Since its inception in June 2021, and supported by the German Federal Ministry of Education and Research alongside the DAAD, the CAMA project has united academic institutions and practitioners across Kenya, Uganda, Ethiopia, and Germany. Together, reserachers and stakeholders have addressed a shared challenge—the longstanding neglect of walking and cycling in transport planning and policy across Sub-Saharan Africa, despite these modes being the lifeline of mobility for millions.

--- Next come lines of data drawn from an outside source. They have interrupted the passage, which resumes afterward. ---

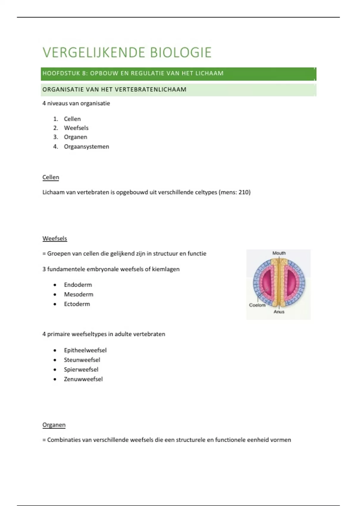 ORGANISATIE VAN HET VERTEBRATENLICHAAM
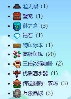 首先是“蟹笼收集包”,这个收集包很简单,我们只用在下面10种物品中选5种捐赠就行,其中鸟蛤、蚌、牡蛎、蛤这四样物品有概率直接在沙滩采集获得,而且下面的全部物品都能使用蟹笼捕捉获得(不限季节),把蟹笼放置在任意水域(注意要添加鱼饵),隔天就能去收获,钓鱼等级3级就能解锁蟹笼的制作配方,但我建议大家目前直接到鱼店购买蟹笼(1500金/个),因为制作蟹笼需要铁锭,在现阶段直接制作划不来,铁锭得留着造更有用的物品,各位购买6个左右的蟹笼就行,放在海里,运气好隔天就能完成这个收集包(如果你像我一样已经捐了一部分物品了,剩三个物品的情况下你可以放到自家农场的池塘中,会产出小龙虾、蜗牛、玉黍螺,这样就刚好可以完成这个收集包,你也方便,不用跑到海滩收蟹笼)
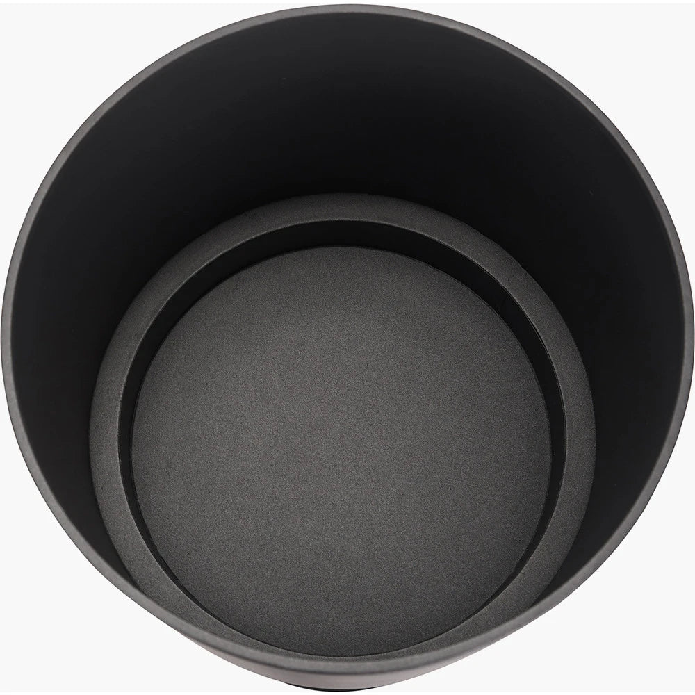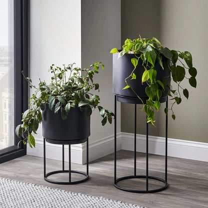 Add a modern touch to your home with this set of two matt black metal planters on stands. Featuring sleek circular shapes and clean lines, these raised planters are made from durable iron with a contemporary matt black finish. The set includes two sizes for versatile styling options. The large planter measures 76cm in height with a 32cm diameter, while the smaller one stands at 46cm tall with a 28cm diameter, making them ideal for showcasing a mix of greenery or flowers indoors.
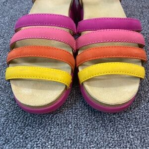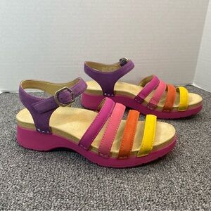 Vibrant Dansko Roxie Sandals with purple, pink, orange, and yellow straps. Comfortable and stylish for any occasion. Made of a Milled or Nubuck leather upper and lining. Rubber outsole. It is very Comfortable for any kind of occasion. Size Women's 37.
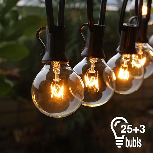 Catena Di Lampadine Con 25 Lampadine A Incandescenza E 3 Lampadina Di Ricambio 25ft 7 5m G40 Luci Da Esterno Giardino Catena Luci Per Esterno E Iinterno Amazon It Illuminazione
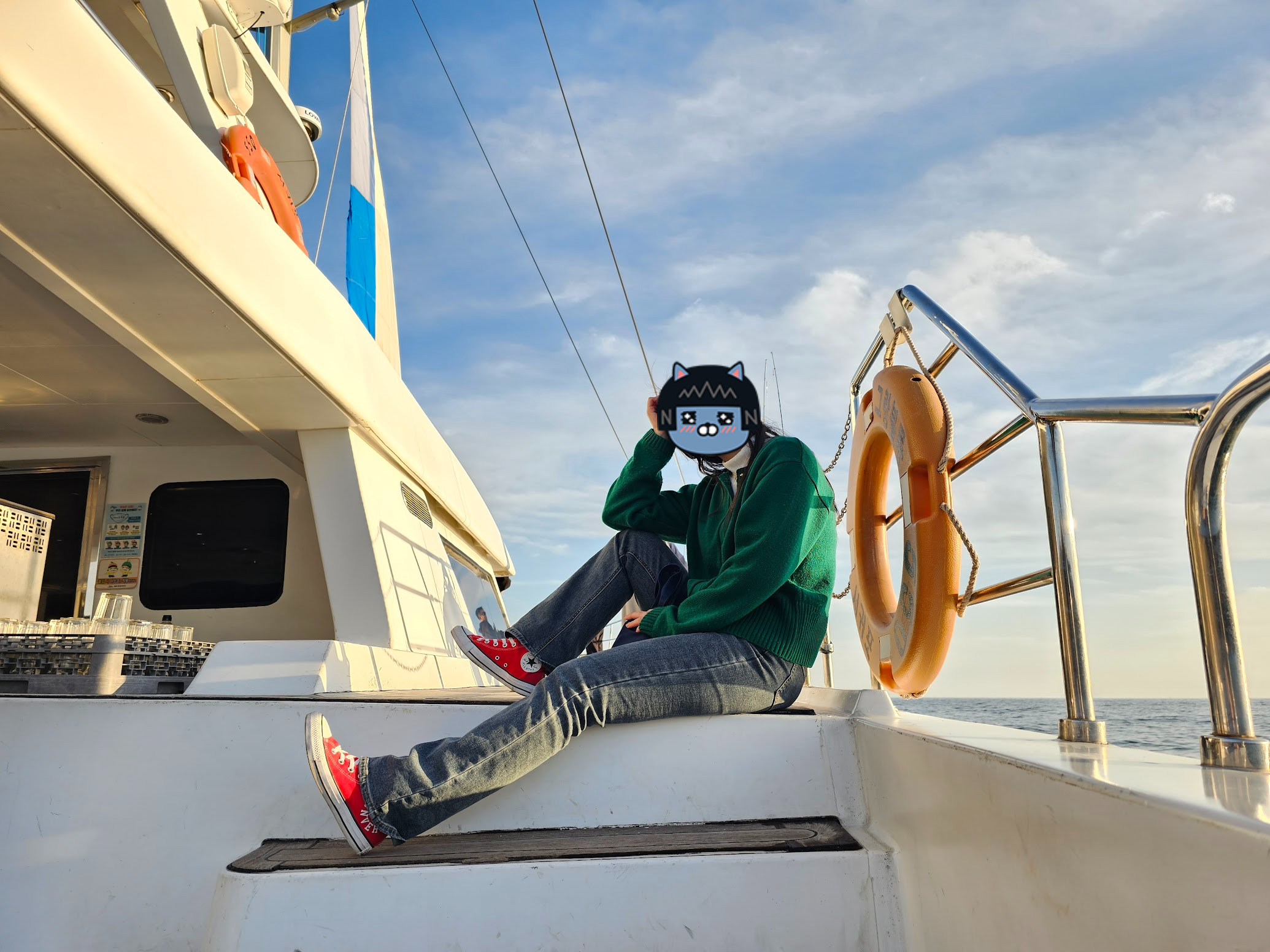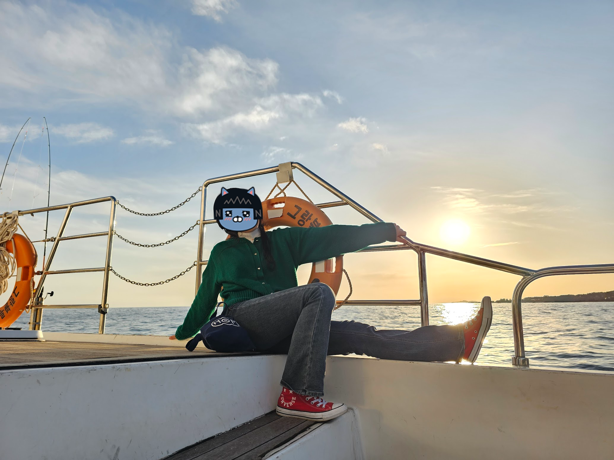 석양을 보며 폼을 잡아봤지만 이미 뒤집어진 내 뱃속. 사진을 찍는 와중에도 빨리 내리고 싶었다. 다행히도 속에 있는 것을 게워내지 않고 (?) 무사히 항구에 도착했다.
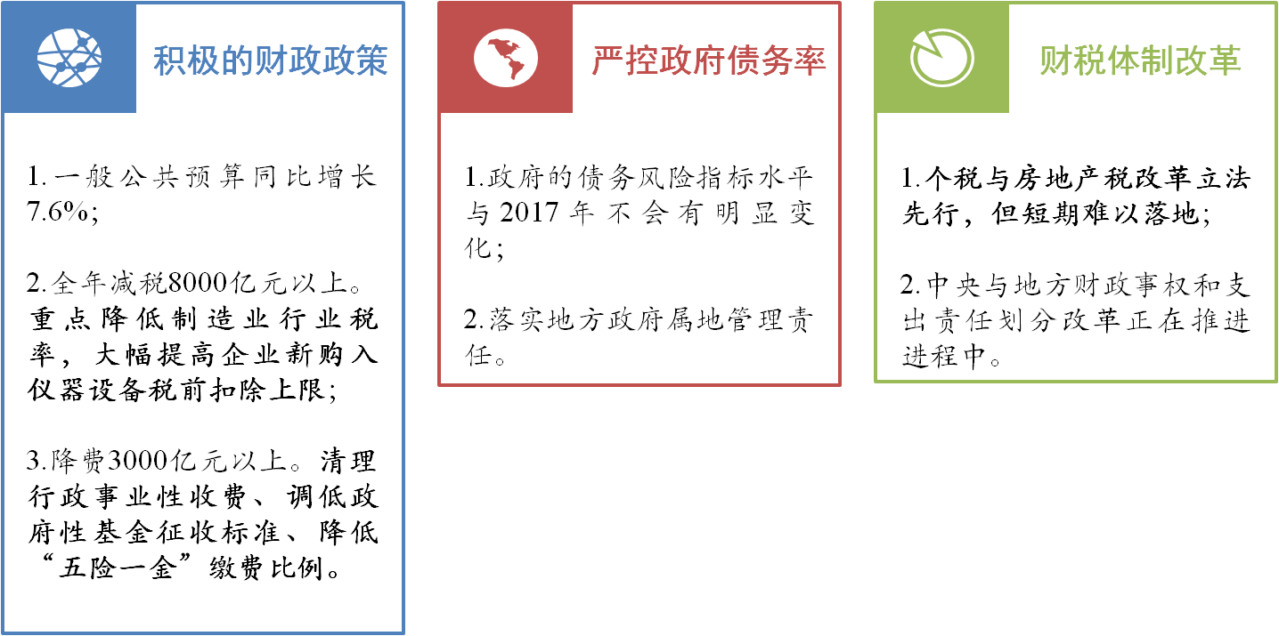 分析認(rèn)為:地方政府專項(xiàng)債、中央基建投資分別較2017年增加5500億、300億元,因此今年財(cái)政政策較去年只強(qiáng)不弱。另外減稅降費(fèi)將進(jìn)一步降低企業(yè)稅負(fù),提高企業(yè)競爭力,釋放市場活力。
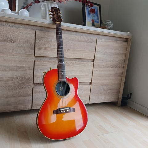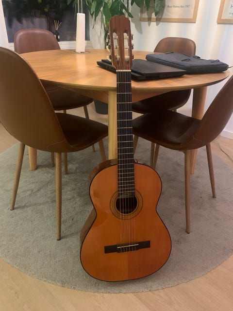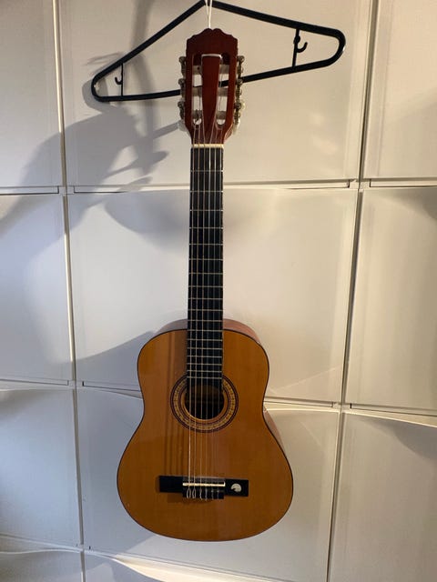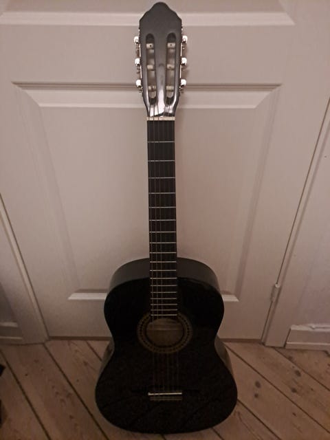 3. Eller prøv med en guitar Hvis du i stedet vil bruge din iPad til at lære at spille guitar, er det også en mulighed. Du kan for eksempel købe en billig, brugt, akustisk guitar med stålstrenge (også kaldet en Westernguitar). Du skal nok forberede dig på at give omkring 1.000 kroner eller mere for den, for ellers risikerer du at købe noget, der hverken lyder særlig godt eller er nemt at spille på. Lige nu er de 489 Westernguitarer til salg på DBA.
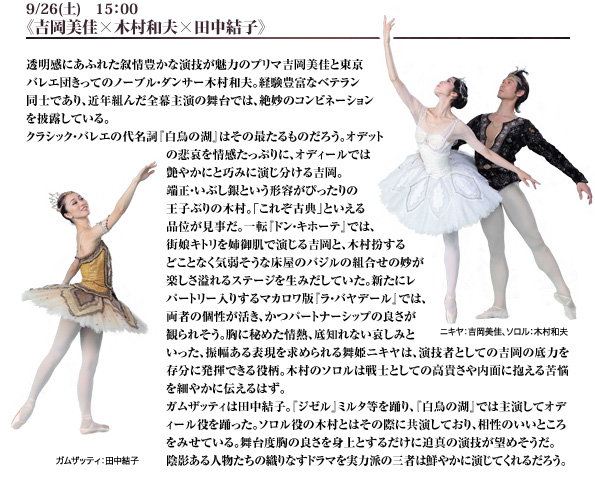 9/27(日)15:00 ニキヤ:斎藤友佳理/ソロル:後藤晴雄 ガムザッティ:高木綾
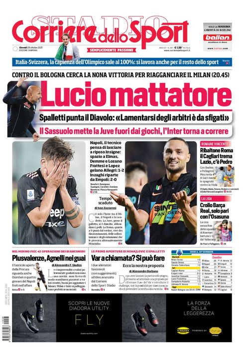 "Lucio mattatore", apre così in prima pagina il Corriere dello Sport, nella sua edizione Campania di oggi. "Spalletti punta il Diavolo: 'Lamentarsi degli arbitri è da sfigati'. Contro il Bologna cerca la nona vittoria per raggiungere il Milan (20.45)". In taglio basso spazio all'indagine della Procura Federale sulle plusvalenze: "Agnelli nei guai. Il fascicolo aperto dalla Procura riguarda anche Osimhen e quattro giovani del Napoli finiti nell'affare".
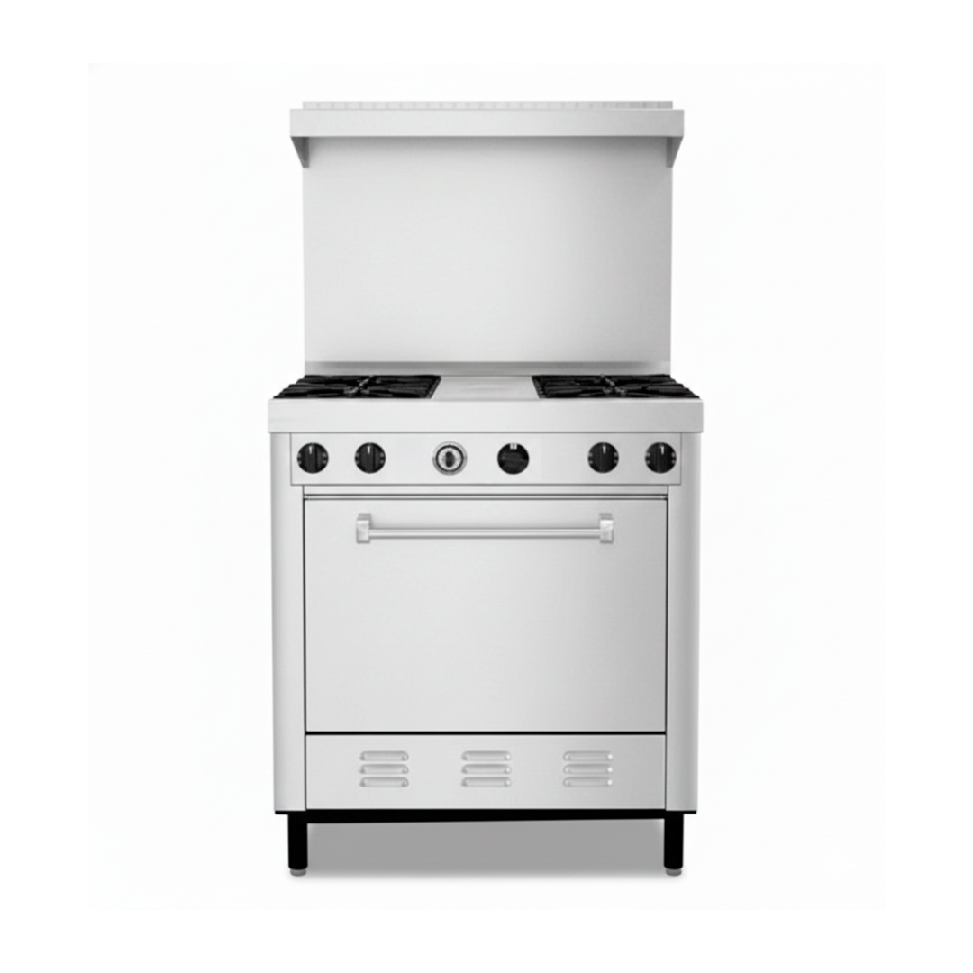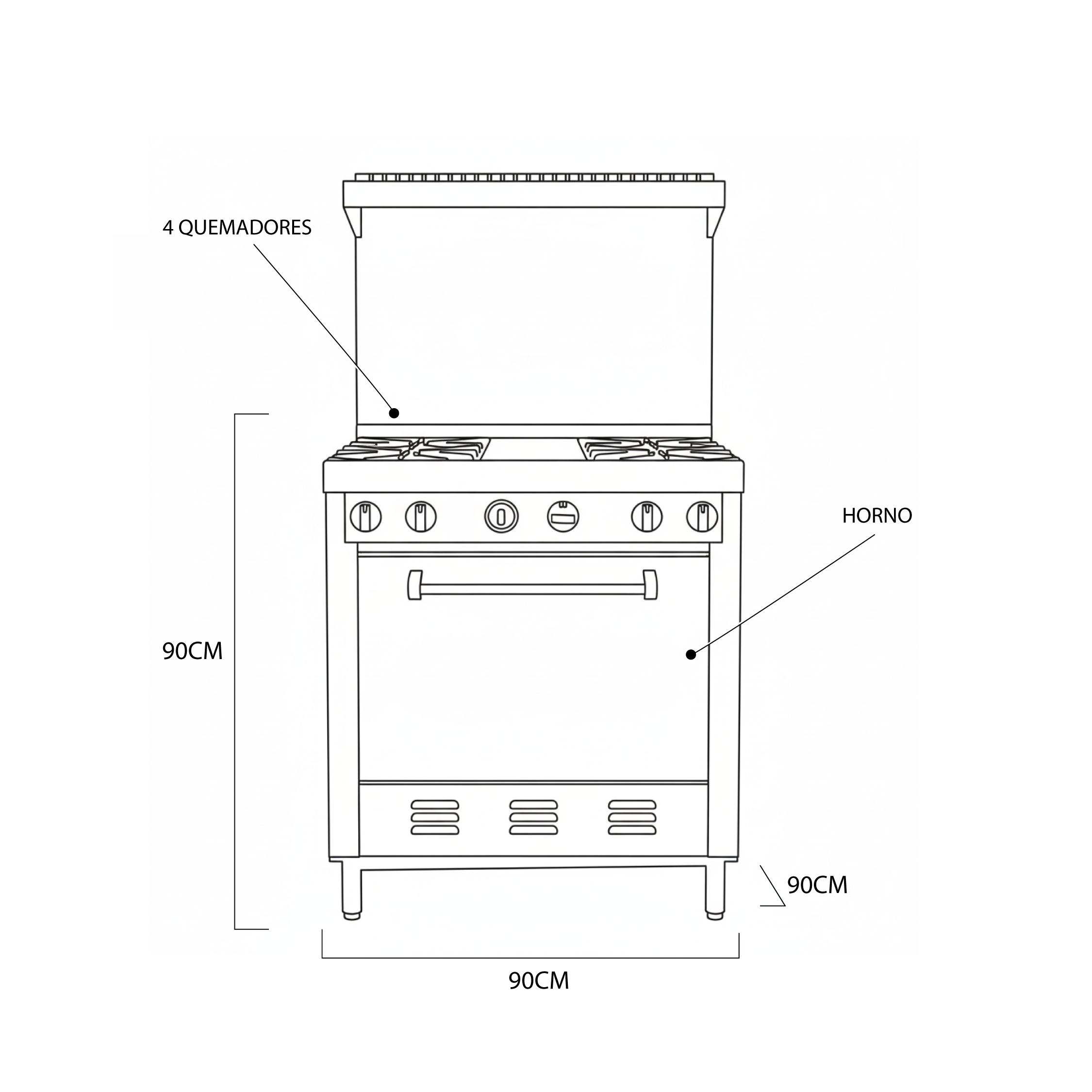 Equipo industrial diseñado para alto rendimiento en cocinas profesionales. Fabricada en acero inoxidable, incorpora cuatro quemadores de cocción eficiente y horno amplio integrado, ideal para hornear, asar y gratinar con precisión. Estructura robusta, fácil limpieza y desempeño confiable para hoteles, restaurantes y comedores institucionales que requieren capacidad y durabilidad en cada jornada.
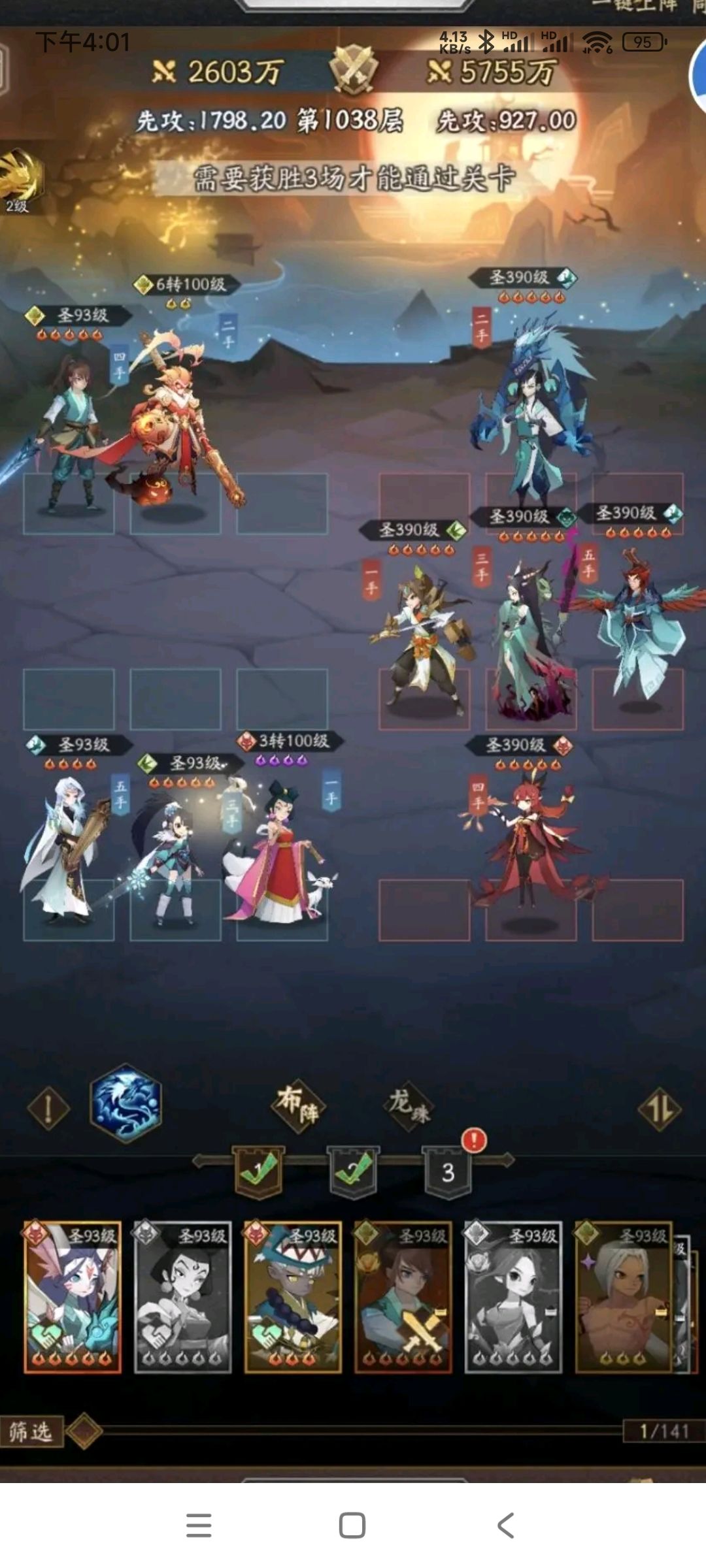 1044这关,3个武圣2个剑灵,又肉闪避又高,炸塔因为牛魔王分摊伤害的机制,也炸不死怪,所以选用的是广寒冰冻真伤流,利用群攻控制以及小吹频繁反击触发控制,来打出真伤,实现通关
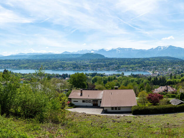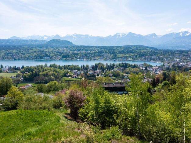 Velden/Wörthersee Exklusives Baugrundstück mit eindrucksvollem See- und Bergblick Lage/Beschreibung: Dieses absolut sonnige Baugrundstück liegt oberhalb von Velden und verfügt über einen atemberauben...
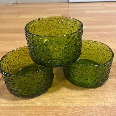 Täysin käyttämättömät ja vanhat Jesper jälkiruokakulhot alkuperäisessä pakkauksessaan.

In Nairobi, CAMA work has been rooted in a deep, participatory methodology—one that blends rigorous research with community voices, lived experiences, and co-creation. Through this approach, the team has:
- Conducted extensive surveys with over 460 pedestrians, cyclists, persons with disabilities, and local businesses;
- Mapped walking and cycling infrastructure across key corridors like University Way, Jogoo Road, and Muindi Mbingu Street;
- Carried out a 12-hour video-based traffic conflict analysis to understand real-time user interactions and safety risks;
- And perhaps most powerfully, convened diverse stakeholders through World Café sessions, workshops, and roundtable discussions to imagine, design, and refine solutions together.
The result? A robust body of evidence, co-designed interventions—including tabletop crossings, pedestrian islands, and reflective signage—and the development of a Nairobi Cycling Manual, which was launched during the project closing ceremony.
But the journey has not been without challenges. The Living Lab intervention on University Way, although collaboratively designed, was not implemented due to a lack of buy-in from key stakeholders. Yet even in this, the team found lessons: that urban transformation requires not only evidence and innovation but also institutional courage, community persistence, and policy alignment.
The IDS Research Director Prof. Paul Kamau in his remarks emphasized that CAMA's work is not ending—it is evolving. The partnerships built, the data gathered, the manuals developed, and most importantly, the shift in mindset we’ve collectively fostered all form a sturdy bridge into the future.